Yes, that's the vocab/ word-id file missing, which is generated when preparing to create the data.
Here is a tutorial from the Tesnorflow documentation.
quick over-view of the files and why you might be confused by the files outputted vs what to use:
python/ops/seq2seq.py: >> Library for building sequence-to-sequence models.

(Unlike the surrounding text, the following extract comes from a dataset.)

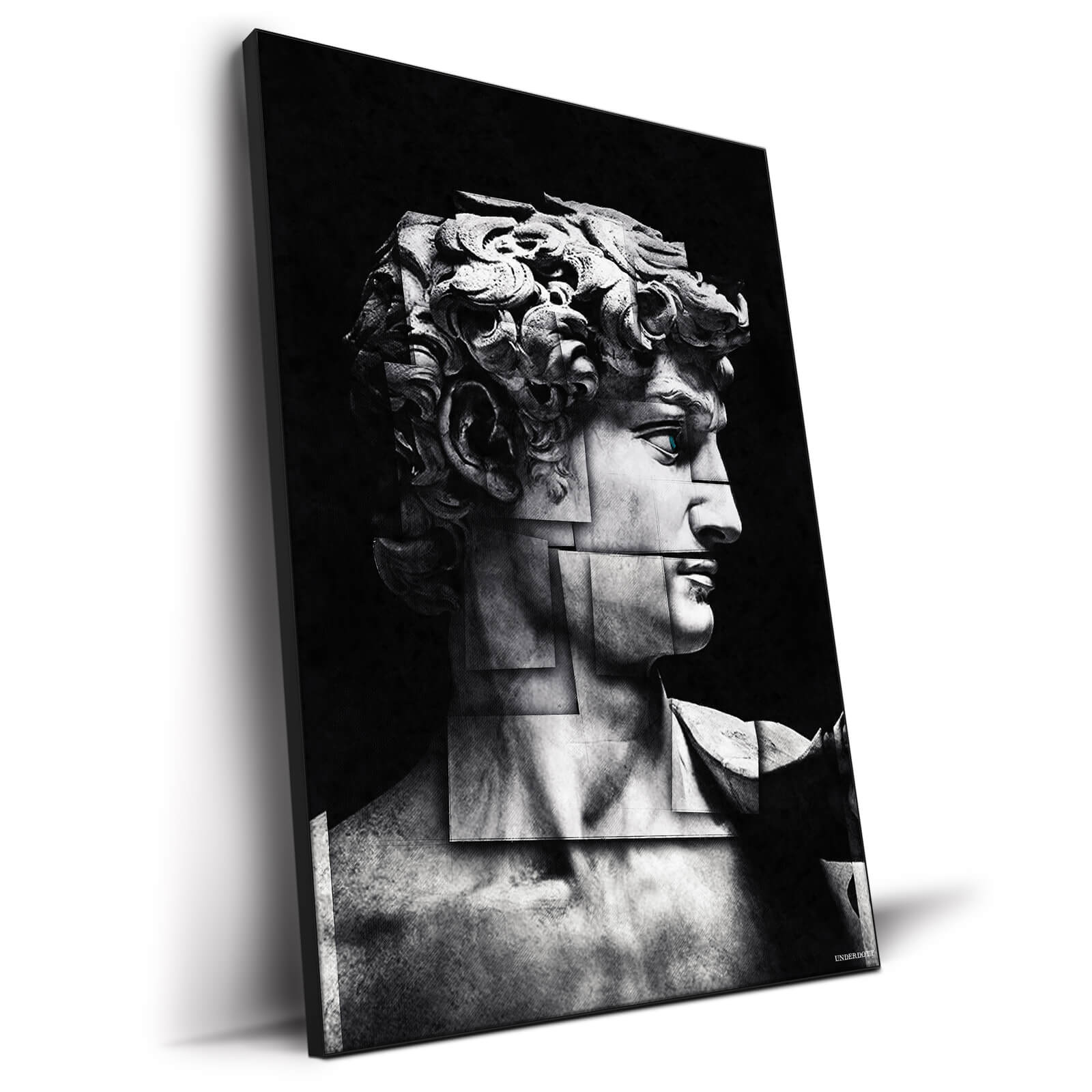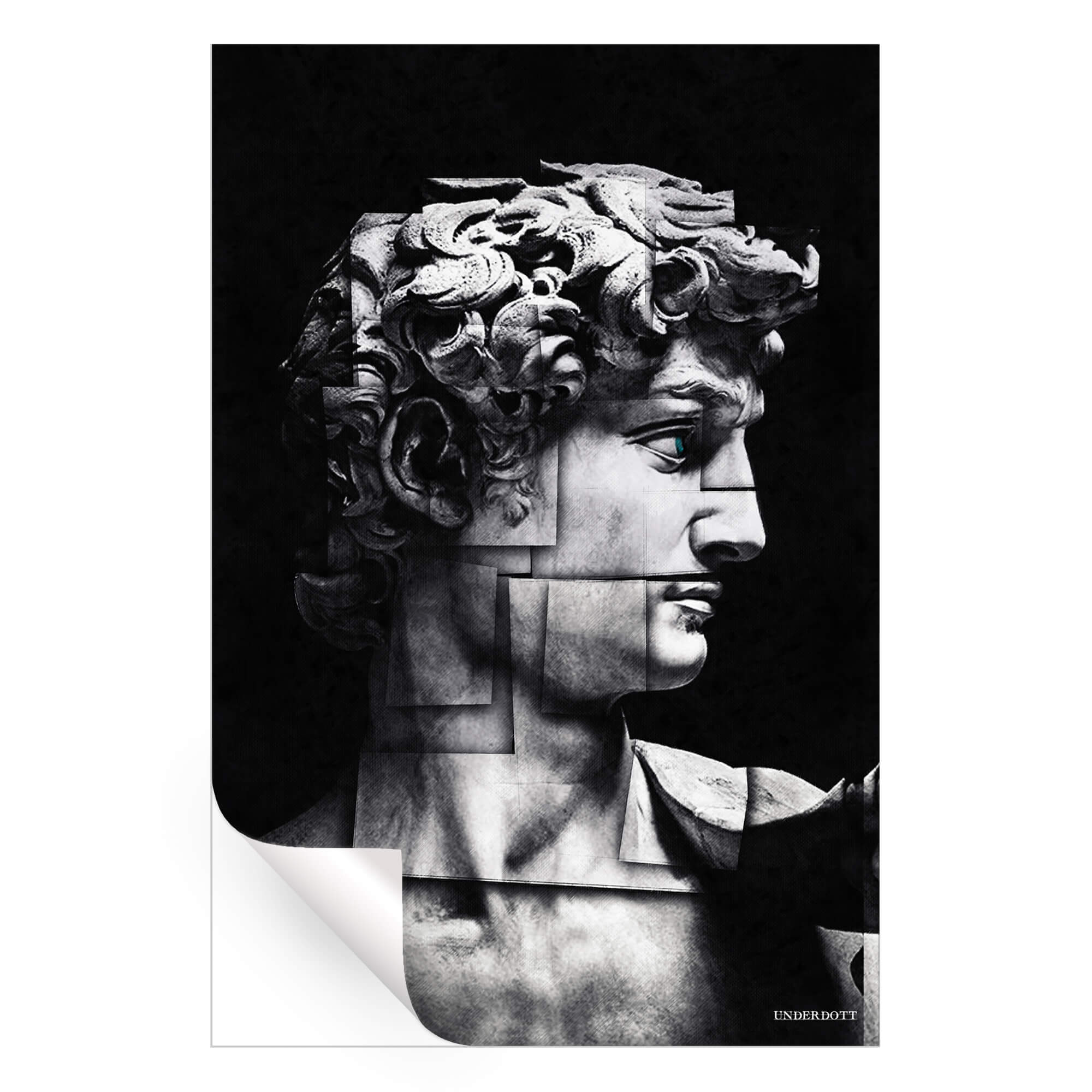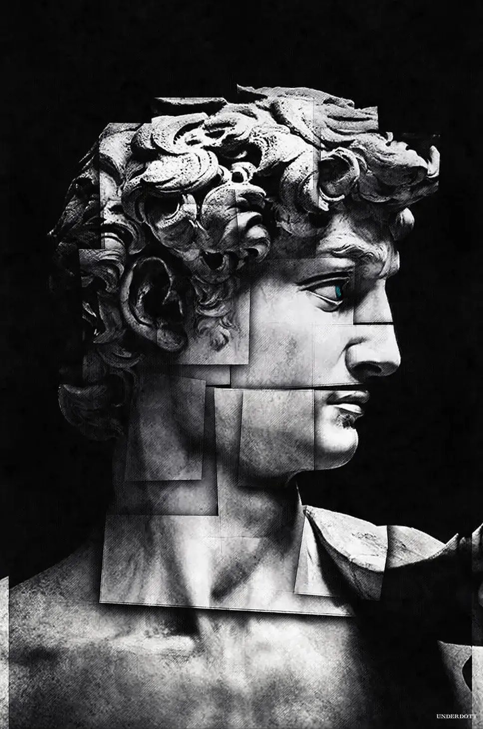 A deconstructed view of a classical statue, Michelangelo’s David. A series of overlapping square and rectangular segments are misaligned to create a disjointed and abstract effect.

models/rnn/translate/seq2seq_model.py: >> Neural translation sequence-to-sequence model.
models/rnn/translate/data_utils.py: >> Helper functions for preparing translation data.
models/rnn/translate/translate.py: >> Binary that trains and runs the translation model.
The Tensorflow translate.py file requires several files to be generated when using your own corpus to translate.
It needs to be aligned, meaning: language line 1 in file 1. <> language line 1 file 2. This
allows the model to do encoding and decoding.
You want to make sure the Vocabulary have been generated from the dataset using this file:
Check these steps:
python translate.py
--data_dir [your_data_directory] --train_dir [checkpoints_directory]
--en_vocab_size=40000 --fr_vocab_size=40000
Note! If the Vocab-size is lower, then change that value.
There is a longer discussion here tensorflow/issues/600
If all else fails, check out this ByteNet implementation in Tensorflow which does translation task as well.